Mit Restless Legs Syndrom Wie wird es behandelt ?
Der Verlauf des RLS kann großen Schwankungen in der Ausprägung
des Krankheitsbildes unterworfen sein; beschwerdefreie Zeiten wechseln
typischerweise vielfach auch zu Beginn mit stärkeren Beschwerden
über Wochen oder Monate. Falls die Beschwerden einen Patienten so
beeinträchtigen, dass er sich in seiner Lebensqualität deutlich
eingeschränkt fühlt oder durch die nächtlichen Schlafstörungen
tagsüber müde ist, sollte an eine medikamentöse Behandlung
gedacht werden. Eine Therapie des RLS sollte immer nach sorgfältiger
Abwägung und Untersuchung des Patienten individuell unter ärztlicher
Aufsicht erfolgen. Deshalb können an dieser Stelle nur einige Grundprinzipien
der Therapie aufgezeigt werden.
Bisher gibt es noch keine Behandlung, die ein RLS für immer
heilen kann. Ausnahmen gelten für sekundäre
Restless Legs Syndrome, wie bei Nierenerkrankungen, wenn die zugrunde
liegenden Erkrankungen geheilt werden können, z.B. mit einer Nierentransplantation.

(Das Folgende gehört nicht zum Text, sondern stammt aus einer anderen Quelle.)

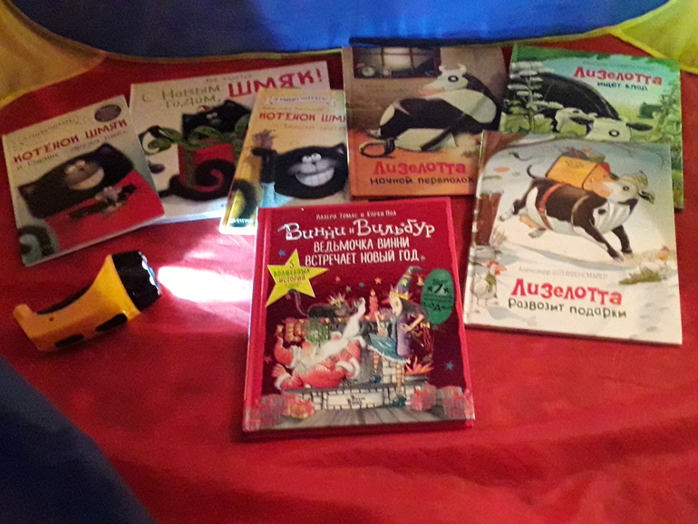 Моя новогоднюю про Шмяка начала читать: по два-три предложения пока)) Главное ребенок доволен!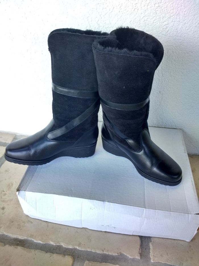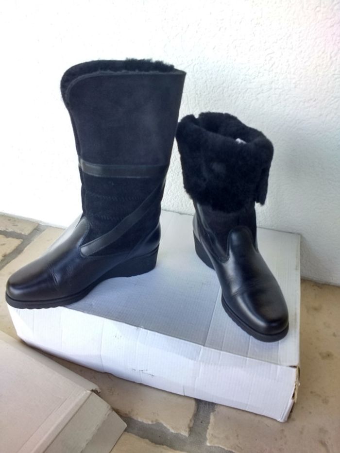 Paire de bottes modulables taille 35 de couleur noire fourrées en laine de mouton véritable portées une seule fois. Peuvent se porter droite ou retroussé en état impeccable. Valeur d'achat 115€

Zu Beginn sollte eine Therapie des idiopathischen oder auch des durch
Nierenerkrankung bedingten RLS mit L-DOPA, einem Präparat, das ursprünglich
für die Therapie von Patienten mit der Parkinsonschen Erkrankung
entwickelt wurde, versucht werden. L-DOPA ist die Vorstufe für den
Nervenbotenstoff Dopamin. Die Einnahme kann bei Bedarf tagsüber oder
bei Einschlafstörungen ca. 1 Stunde vor dem Einschlafen erfolgen.
Es sollte zunächst mit der geringsten Dosis begonnen werden, z.B.
50 mg L-DOPA. Falls auch Durchschlafstörungen bestehen oder die Wirksamkeit
einer Einmalgabe nicht ausreicht, kann zusätzlich eine Tablette L-DOPA
mit Langzeitwirkung (z.B. Madopar Depot o.ä.) vor dem Einschlafen
verabreicht werden. Damit kann die Wirkungsdauer verlängert werden.
Durch diese medikamentöse Therapie werden sowohl die unangenehmen
Beschwerden an den Beinen als auch die periodischen Beinbewegungen reduziert
oder aufgehoben.
Eine weitere Art der Behandlung, die besonders bei schweren RLS-Beschwerden
oder bei nicht ausreichender Wirksamkeit von L-DOPA zur Anwendung gelangt,
ist die Gabe von so genannten Dopaminagonisten. Diese Substanzen (z.B.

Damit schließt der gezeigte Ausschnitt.